FIGURE 1.

Experimental crossed-flow-path sample chamber and resulting microtubule array. (A) Schematic of crossed-flow-path chamber. The bottom coverglass is 22 mm × 40 mm (pale blue). Four square pieces of double-sided adhesive tape (yellow) are arranged to make two perpendicular 3-mm-wide flow paths. The top coverglass is 18 mm × 18 mm. We denote the flow paths as the x- and y-directions. (B) Example image of rhodamine- and biotin-labeled microtubules bound to the coverglass of a crossed-path flow chamber.

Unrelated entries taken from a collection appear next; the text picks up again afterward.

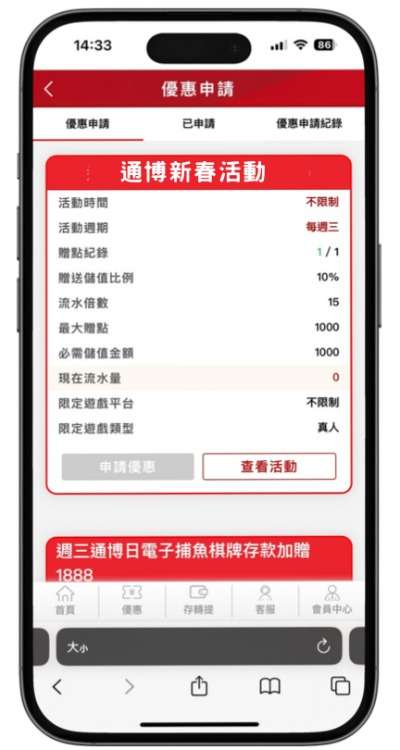 Step 3:會員登入後,前往「優惠中心」,即可參與通博娛樂城的新春活動!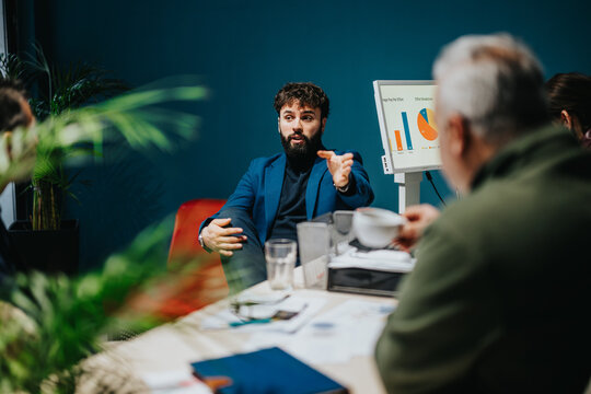 Professional Consultant Engaging in a Strategic Business Meeting with Data Visualization Tools and Collaborative Team Environment in a Modern Office Setting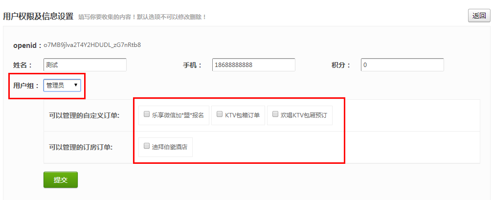 3.更改用户组为管理员,并且勾选订单及酒店: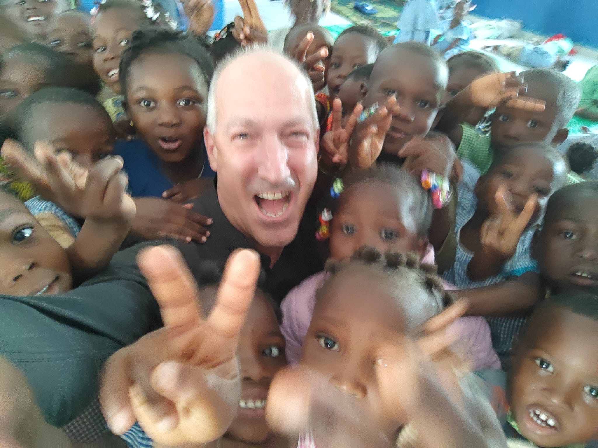 I reach the children, get on my knees, and we have a lovely wordless conversation in the language that all children know. We laugh a lot.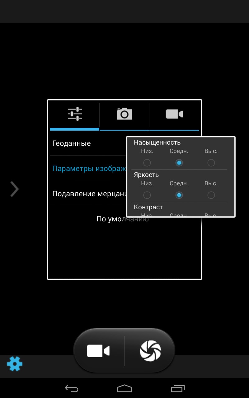 Кроме того, можно настроить ISO, выбрать уровень яркости, контраста, насыщенности, оттенка и резкости, активировать функции обнаружения лиц и непрерывной съемки, а также многое другое.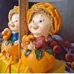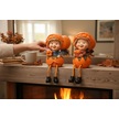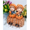 Ayakları Sallanan Portakal Kızlar Figürlü 2'li Biblo Seti Dekoratif Obje Hediyelik 24 Cm. Büyük Boy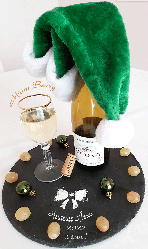 Voilà ! Aussi, par le premier petit déj de l’année, conclu, m’en suis remise au rituel annuel de la maisonnée. D’un reste d’une dégustation bien menée au dernier déjeuner partagé de 2021, entre embruns et vignoble, disposé ainsi pour vous souhaiter une belle et heureuse année, et autour, 12 grains de raisin dont le 1ᵉʳ a été savouré et les 11 suivants le seront de même via les onze jours à venir. L’une de mes « bonnes résolutions » listées et à tenir !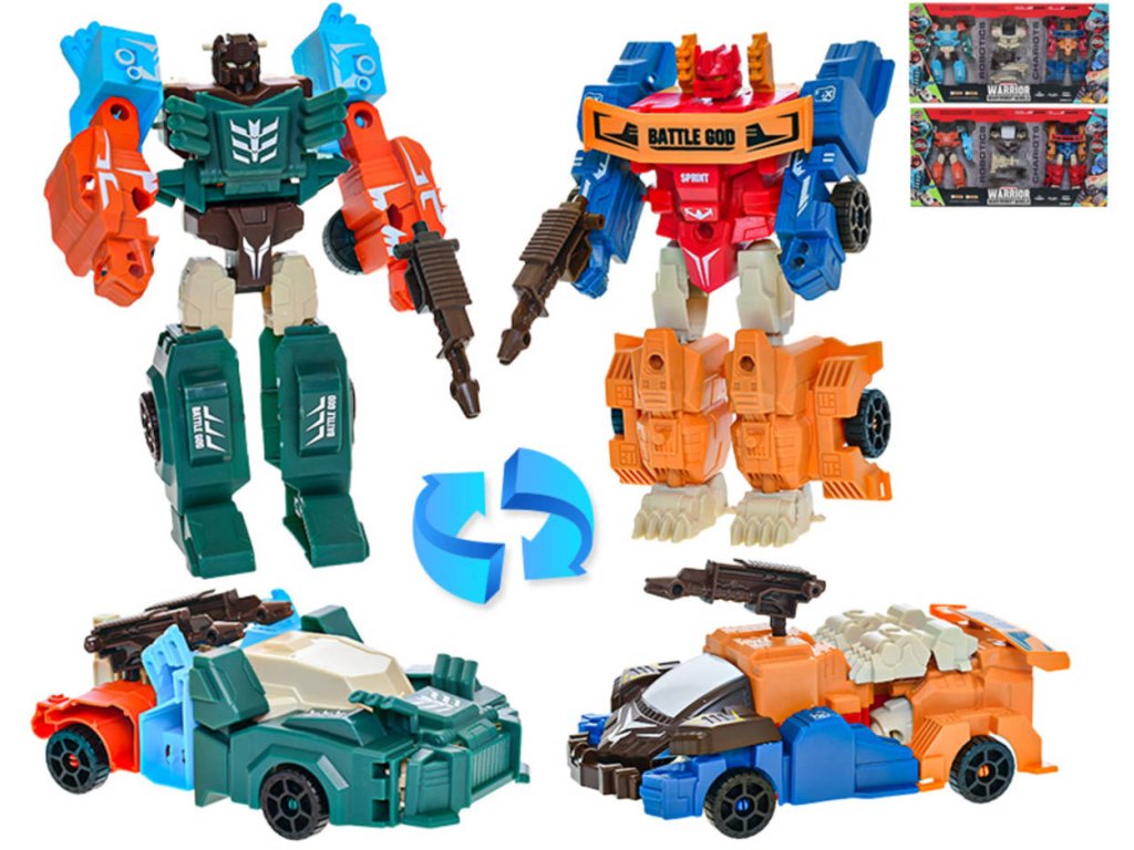 Auto závodní/robot Deformation Warrior transrobot set 2ks s doplňky 3 barvy

Scale bar: 5 μm. (C) Schematic of the same location in B to highlight the crossing microtubule tracks. (D) A single GFP-kinesin, imaged using total internal reflection microscopy, starts walking on the vertical, underpass microtubule (U) and switches to walking on the horizontal, overpass (O) microtubule. (E) A single dynein-dynactin-GFP complex, imaged using total internal reflection fluorescence microscopy, starts walking on the vertical, underpass microtubule (U) and switches to walking on the horizontal, overpass microtubule (O). Green image is GFP fluorescence. Red image is rhodamine fluorescence. Scale bars: 5 μm. See supplementary movies and Fig. S1 for raw images without false coloring.